Sunday, January 20, 2013
Triumph - Allied Forces
Oh yeah, this is definitely a trip down memory lane indeed, all you waveriders! My brother, Thomas, got me hooked on these guys - as with so many other bands in my formative years - the day he brought home their Never Surrender LP. That album is fantastic but pales in comparison to it's predecessor Allied Forces. So buckle up folks...a hot time in this city tonight is upon you!
It never falters. To this day whenever I put on Allied Forces and Fool For Your Love rips this album to life my teenage years collide with my current old ass and I headbang relentlessly. And as in my formative years I grab my imaginary Gibson and go to town on the invisible fretboard pretending to be the guitar hero I will never be...like Rik Emmett. Still and I just turned 41 so I guess in some ways I will never grow up which I is good I suppose. Because the moment you stop being a kid at heart and start feeling your age you wither away. So being "into" metal and heavy rock is my fountain of youth, as soon as aches and pains appear I just put on an album like Allied Forces and I feel great for days. What need is there for pharmaceuticals when you have Triumph?
Alright, alright I'm straying from the subject but indulge me if you will dear waverider. This is after all a trip down memory lane up. As I mentioned earlier Fool For Your Love gets the album going with a slight southern rock feel for a few seconds but it quickly changes into a mid-tempo rocker once drummer Gil Moore starts to sing. Lyrically it's basically a love song but where the love goes wrong. Perfect album opener with some amazing riffing.
Second song out is the beautiful Magic Power, the first to feature Rik Emmett on vocals (Rik and Gil share the lead vocal duties). It tells the tale of young people struggling to make things work while having the whole world at their disposal...and music is what helps them on their way. Great song!
Third on the list is the short instrumental intro Air Raid. Sounding like it was taken from an arcade game it leads straight into the stomping title track Allied Forces.

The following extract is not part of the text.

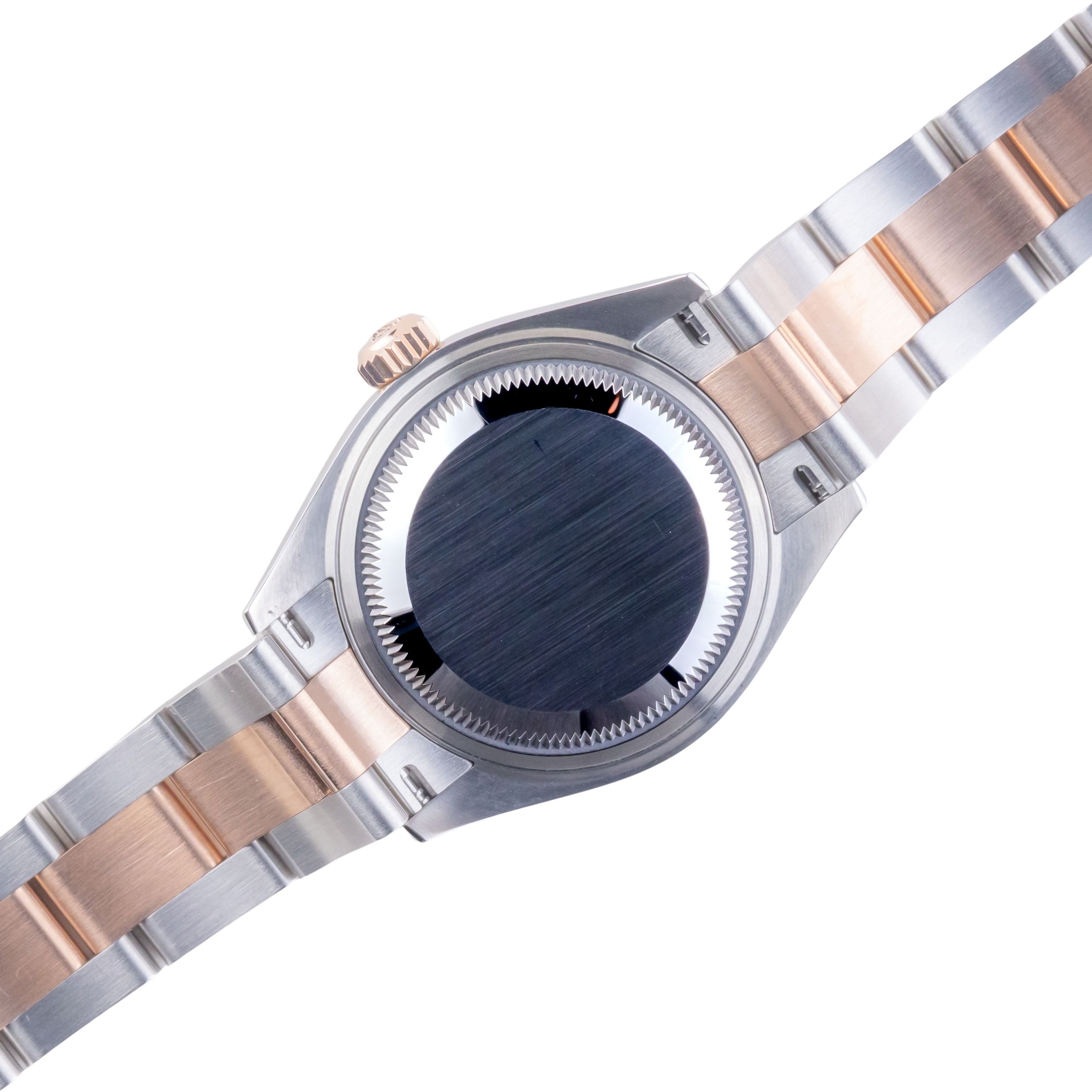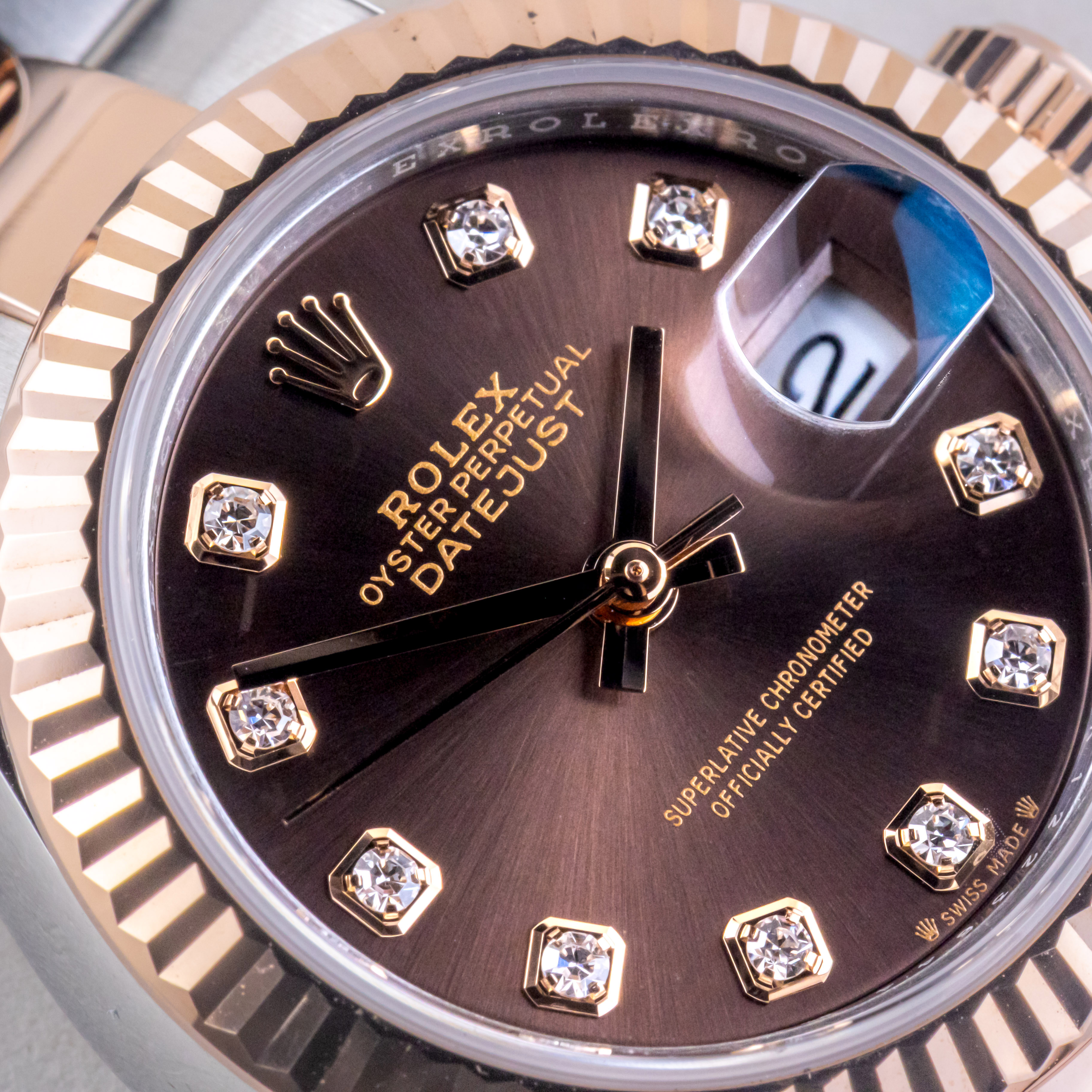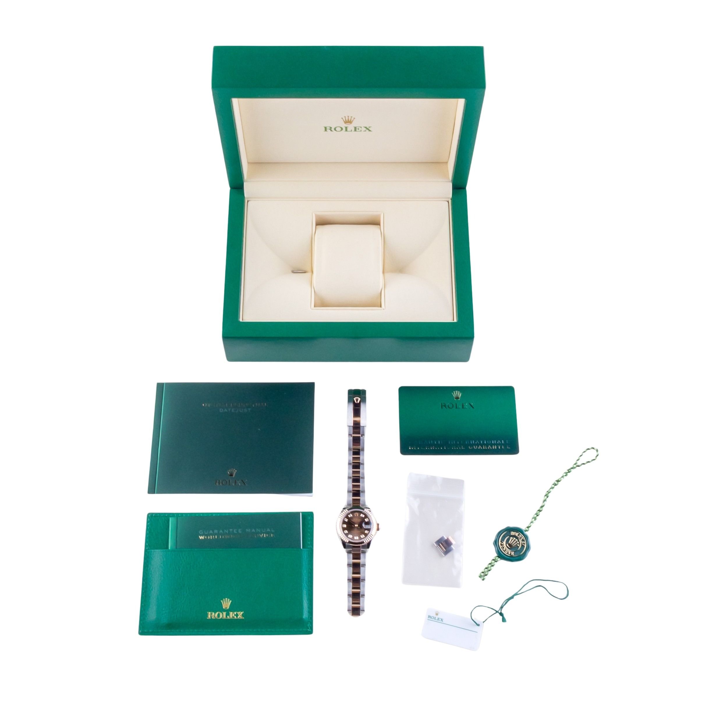 Rolex Oyster Perpetual Lady-Datejust reference 279171 from 2024 including full set. The Lady-Datejust 279171 measures a 28mm rose gold and stainless steel case, a two-tone jubilee bracelet with concealed crownclasp, and a fluted18k rose gold bezel. This Lady-Datejust 279171 features an automatic movement caliber 2236 with quickset date function, a scratch resistance sapphire crystal and choco dial with diamond numerals.

A call-to-arms to all rockers this rocker simply annihilates. Rik Emmett is on top of things as always with some very smart and deft guitar playing. Gil Moore sings his heart out while keeping the beat behind the drums and Mike Levine's bass playing is impeccable.
The last song on side A is Hot Time(In This City Tonight) a fantastic homage to 50's music, think Chuck Berry, and Rik's wicked guitar playing peels the paint of the walls.
Side B opens up with Fight The Good Fight which is one of the longer songs on the album. The band speaks of making the right choices in life and doing the right thing, regardless the cost. Tough it out and you will be better for it. Musically the band changes slightly from here on leading into a more progressive field as Fight The Good Fight is more technical and subtle.
Their progressive leanings continue with Ordinary Man. Although it starts out with a choir before slowly moving onto a semi-acoutic segue, the song eventually explodes turning into a predecessor of thrash metal...seriously! Emmett is shredding and riffing like there's no tomorrow putting ANY accomplished thrash metal guitarist to shame. Moore and Levine follow suit and this is an absolute corker of a song...definitely my favourite on a great album.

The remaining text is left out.